Cancer is a preventable disease.

Your parents may have had the disease, or the genetic tests on your mailed-in saliva may have come back positive, but you are not necessarily fated to develop cancer. In fact, more than four in five people with cancer have no known genetic predisposition for cancer.

Something else causes most cancers, and that something can often be reversed. This is not to say that all cancers can be stopped before they start — or to blame people for “causing” their cancer — but there are steps you can take that will absolutely cut your risk.

A new report by the World Cancer Research Fund and the American Institute for Cancer Research sums it up: You can significantly reduce your risk for many cancers by keeping to a normal weight, being physically active, minimizing alcohol intake, and eating a diet that’s high in vegetables and fruits and low in sugar and other processed foods.

Many of the findings cited in this report have been published but the authors take it a step further: gathering together an overwhelming amount of evidence, then providing guidelines for lifestyle changes to reduce cancer risk.

This moves the information from the theoretical to the practical. And it’s important to take heed.

The range of cancers affected by lifestyle factors like diet, alcohol use and exercise is surprisingly high, and most of the common cancers are included.

This latest report found strong evidence that being overweight or obese increased the risk for cancers of the colon, rectum, breast (after menopause), esophagus, mouth, throat, stomach, pancreas, gallbladder, liver, ovary, endometrium, prostate (advanced) and kidney.

There was also strong evidence of a link between increased alcohol intake and elevated risks for cancers of the mouth, throat, esophagus, stomach, liver, colon, rectum and breast. And strong evidence that physical activity reduces risk for cancers of the colon, breast and endometrium. The report also found what it called “suggestive evidence” that it reduces risk for several other cancers.

Diet and other lifestyle factors are some of the “environmental” causes of cancer. And we know that environment is important in this disease because the rates of many cancers have increased over the last century following major shifts in people’s lifestyles and exposure to carcinogens.

Genetics alone can’t explain away these trends in cancer occurrence. The population gene pool can’t change this fast, but our exposure to carcinogens has changed over a short period of time.

We need governmental and corporate help to reduce exposures to the cancer-causing chemicals we encounter in our daily lives (like, say, air pollution or asbestos), but we don’t need anybody’s permission or assistance to take control of our own risk by changing our lifestyle.

Admittedly, that can be challenging. But the benefits are high and the risks are low.

  • The amount of physical activity recommended — 150 minutes a week of moderate-intensity exercise — can be accomplished with a daily 30-minute walk. You do not need to be an athlete. You don’t even need to buy expensive shoes.
  • Keeping alcohol intake to one drink or less per day saves money as well as having health benefits.
  • Reducing sugar intake is as simple as reaching for a glass of water or a nonsweetened drink and reserving desserts and sweets for special occasions. They’ll taste even better.
  • And making a commitment to eat real food — vegetables, fruit, dairy products, legumes — will go a long way to reducing risk for several cancers as well as maintaining weight in a healthy range. Peas and beans will keep you lean.
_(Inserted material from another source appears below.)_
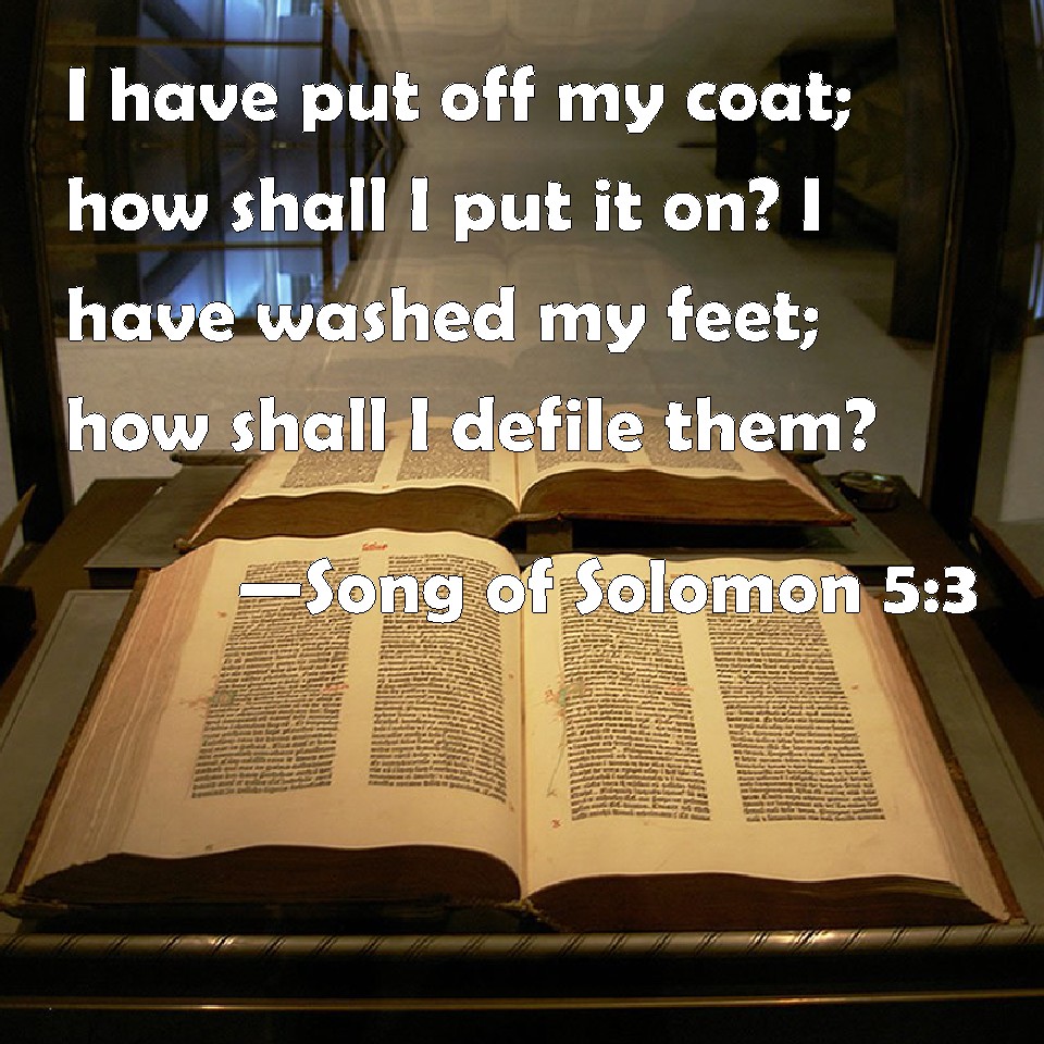 Song of Solomon 5:3 I have put off my coat; how shall I put it on? I have washed my feet; how shall I defile them?

Over the past decades, many of our efforts to control cancer have focused mainly on finding “The Cure.” And yes, developing new, effective treatments is clearly critical for fighting cancer.

But focusing only on treatment is like fighting the front edge of a forest fire with high-tech gadgets while someone continues to light matches on the back end.

Cancer prevention needs to become mainstream for individuals, health organizations, researchers and society. Lifestyle changes need to be a key component of cancer prevention and to reducing the burden of cancer.

You truly can reduce your odds of getting cancer. You can even bet your life on it.

Anne McTiernan, MD, PhD, is a cancer prevention researcher in the Public Health Sciences Division at Fred Hutch. Her research focuses on identifying ways to prevent new or recurrent cancer with a particular focus on weight control, physical activity and chemoprevention. She is author of Starved: A Nutrition Doctor’s Journey from Empty to Full (Central Recovery Press, 2016). The views expressed in commentaries belong to the author and may not necessarily reflect the views of Fred Hutchinson Cancer Research Center.